Po: Master Oogway, I see variational everywhere: Variational Bayes, Variational Autoencoder. What does variational mean?
Oogway: In short, variational methods or principles are techniques that optimize over a space of functions. It is analogous to ordinary optimization problem where we have an objective function that we try to optimize with respect to a variable. Variatinal methods use the same idea, with one main difference: in variational methods, we try to optimize with respect to a function. The idea probably emerged from Physics and had impacts in mechanics, statistical Physics as well as Quantum mechanics.
Po: Hmm, derivative with respect to a function? How do you do that? What do you take derivative of? Another function?
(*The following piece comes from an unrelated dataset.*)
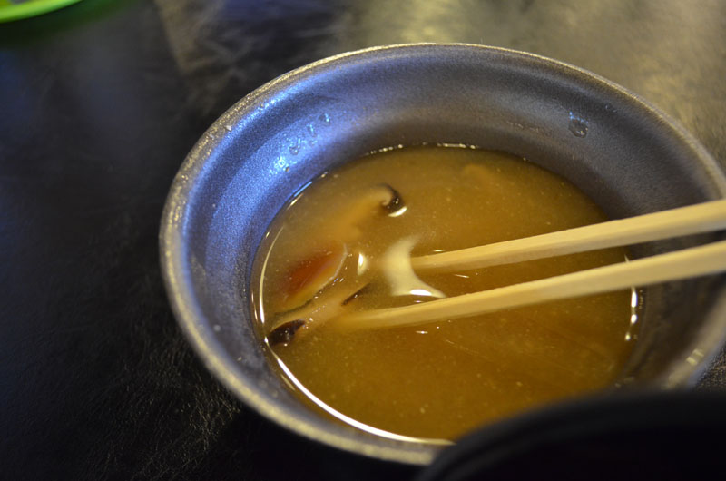 | 既にお腹はいっぱいだが、せっかくなので日本一売れているきのこ汁を注文してみる。(豚丼に付いていた味噌汁もきのこだったのでこれで2杯目)出てきたきのこ汁を食べると、これが美味い。味噌は少し辛いが、しめじ、しいたけ、まいたけが入っていた。 |
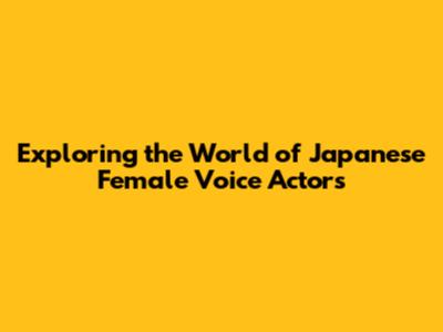 Exploring The World Of Japanese Female Voice Actors

Oogway: Derivative of a real number with respect to a function. It will become clear if you are familiar with the idea of a functional. Just like a function takes in a vector and spits out a real number, a functional takes in a function and spits out a real number. So, a functional is a function of functions. If it helps, you can think of a space of functions as a regular 2D space, just imagine that each point denotes a function instead of a finite dimensional vector. Then, the functional is a map from this space to the real number line. This may be mathematically represented as $L:\mathcal{F} \to R$, where $\mathcal{F} $ denotes space of functions, $R$ denotes real line and $L$ denotes a functional. So, variational methods are those methods that optimize the functionals with respect to functions.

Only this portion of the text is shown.